■ What this task involves ■
Write out the listing, please, but only from its first line through the line containing "5PC Round Cylinder", exactly as given and without pictures.

*** Opening Data below ***

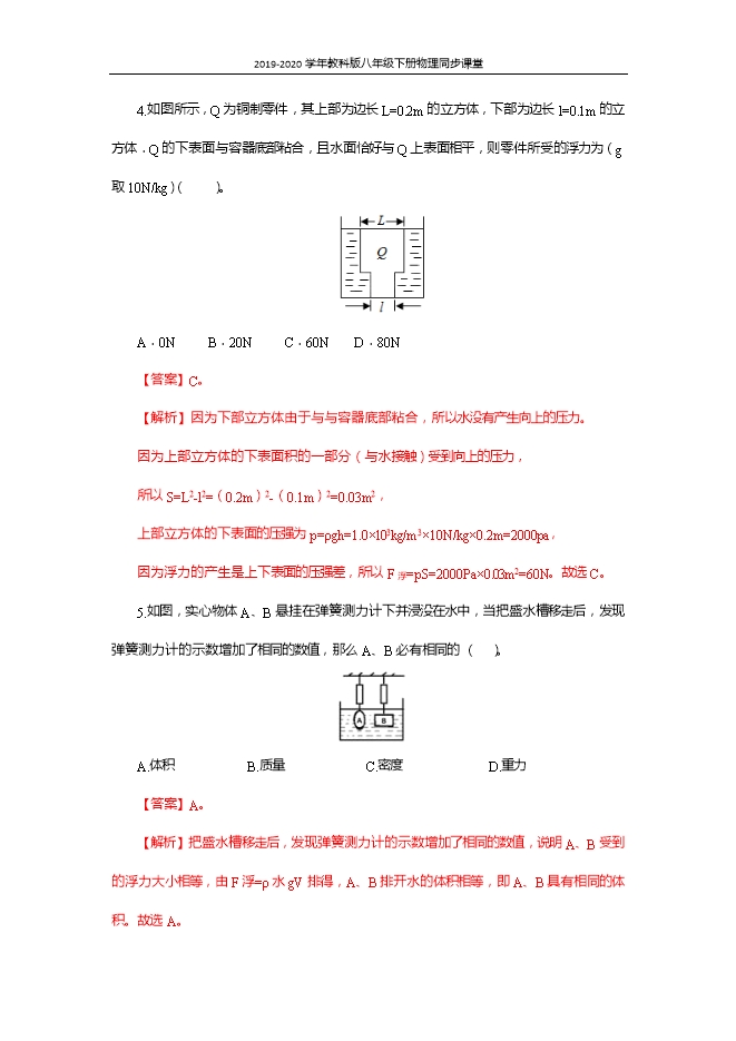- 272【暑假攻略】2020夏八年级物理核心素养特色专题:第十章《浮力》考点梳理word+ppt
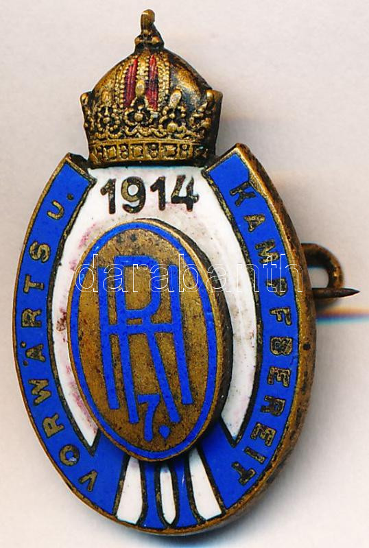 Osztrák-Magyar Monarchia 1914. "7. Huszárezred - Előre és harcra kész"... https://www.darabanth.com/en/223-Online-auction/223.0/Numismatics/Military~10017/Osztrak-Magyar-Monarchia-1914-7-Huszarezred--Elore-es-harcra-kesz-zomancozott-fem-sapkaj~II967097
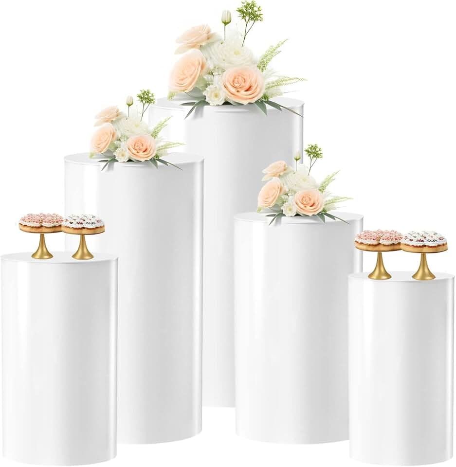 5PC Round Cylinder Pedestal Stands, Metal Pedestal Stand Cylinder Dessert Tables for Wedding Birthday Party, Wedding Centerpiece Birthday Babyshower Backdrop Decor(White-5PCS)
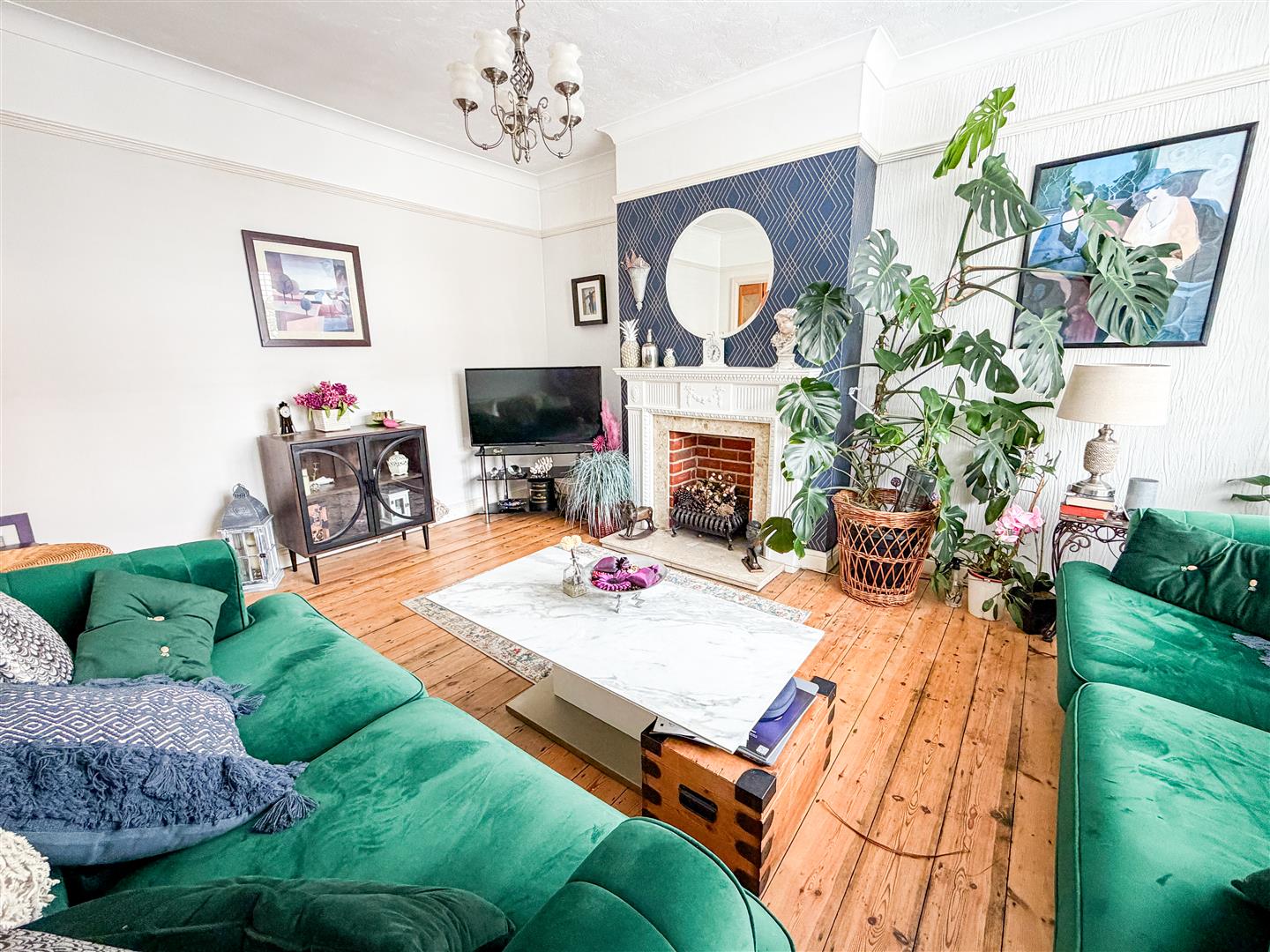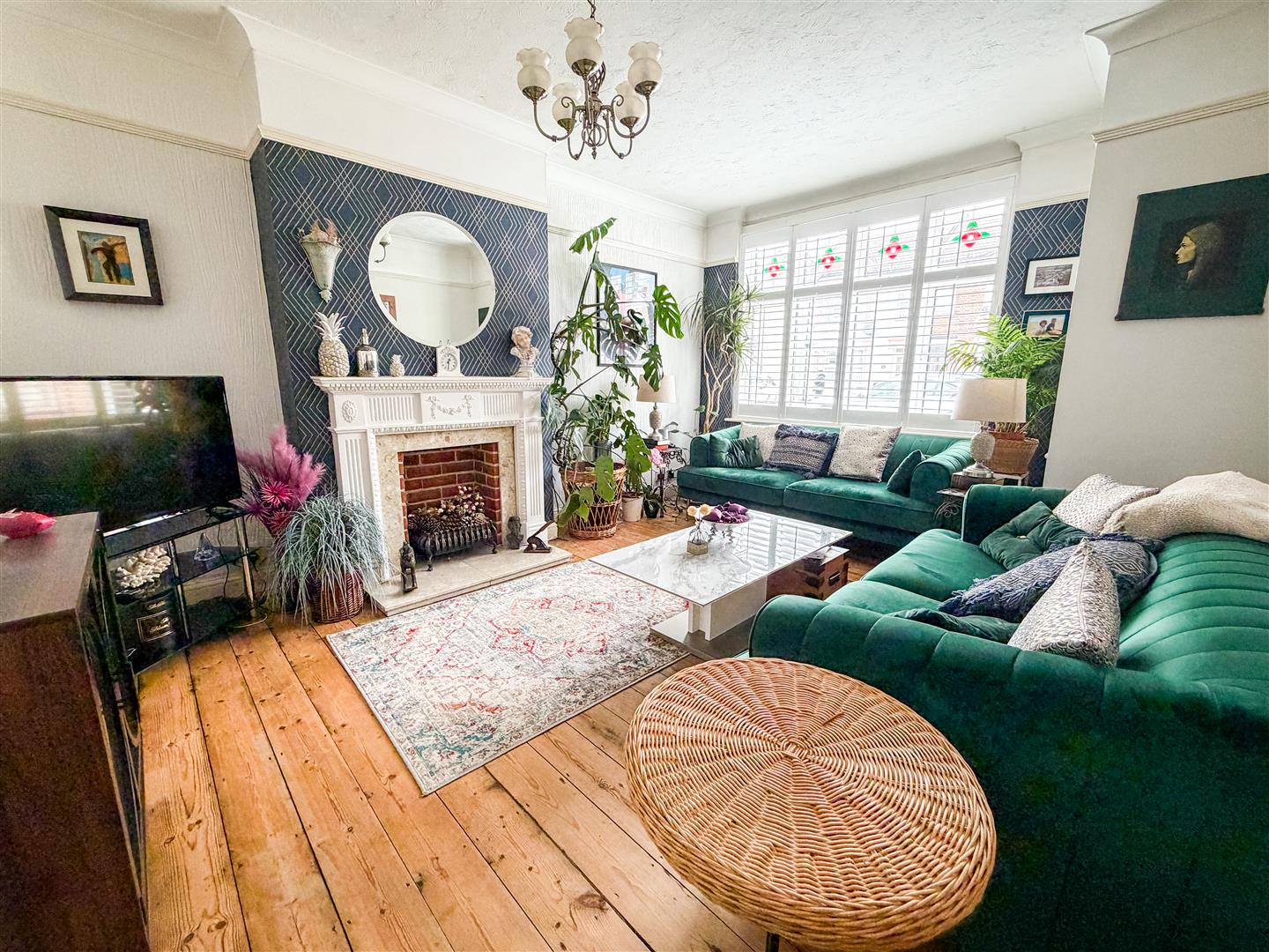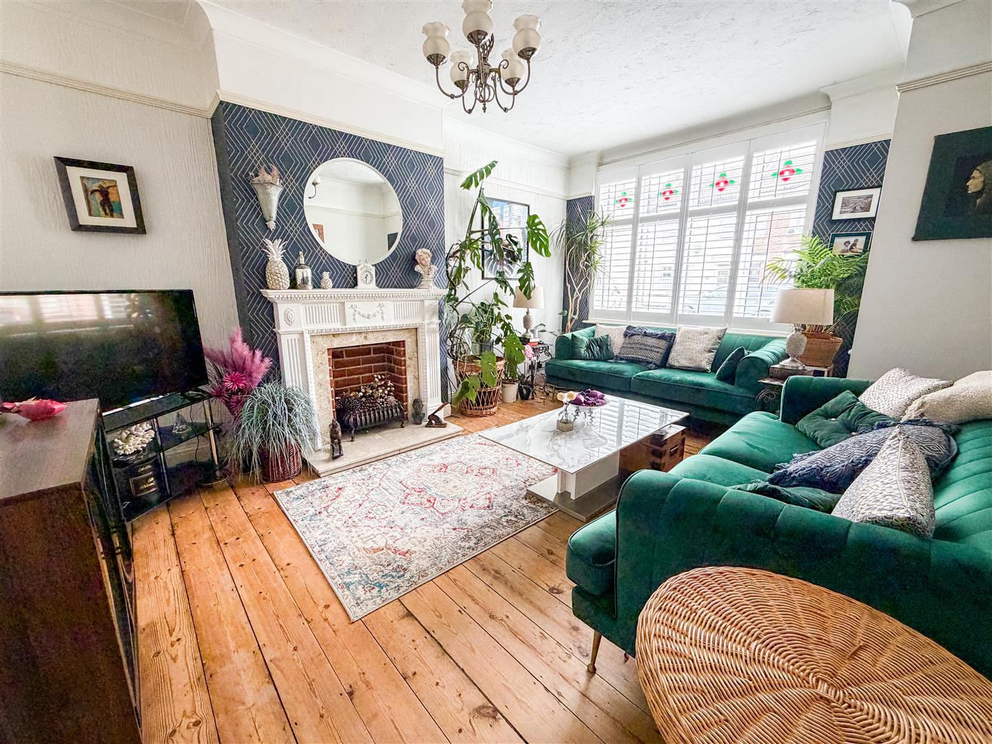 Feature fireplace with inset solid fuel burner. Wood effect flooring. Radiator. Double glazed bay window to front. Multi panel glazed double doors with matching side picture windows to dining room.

*** Closing Data below ***

■ Written answer ■
- 272【暑假攻略】2020夏八年级物理核心素养特色专题:第十章《浮力》考点梳理word+ppt
 Osztrák-Magyar Monarchia 1914. "7. Huszárezred - Előre és harcra kész"... https://www.darabanth.com/en/223-Online-auction/223.0/Numismatics/Military~10017/Osztrak-Magyar-Monarchia-1914-7-Huszarezred--Elore-es-harcra-kesz-zomancozott-fem-sapkaj~II967097
 5PC Round Cylinder Pedestal Stands, Metal Pedestal Stand Cylinder Dessert Tables for Wedding Birthday Party, Wedding Centerpiece Birthday Babyshower Backdrop Decor(White-5PCS)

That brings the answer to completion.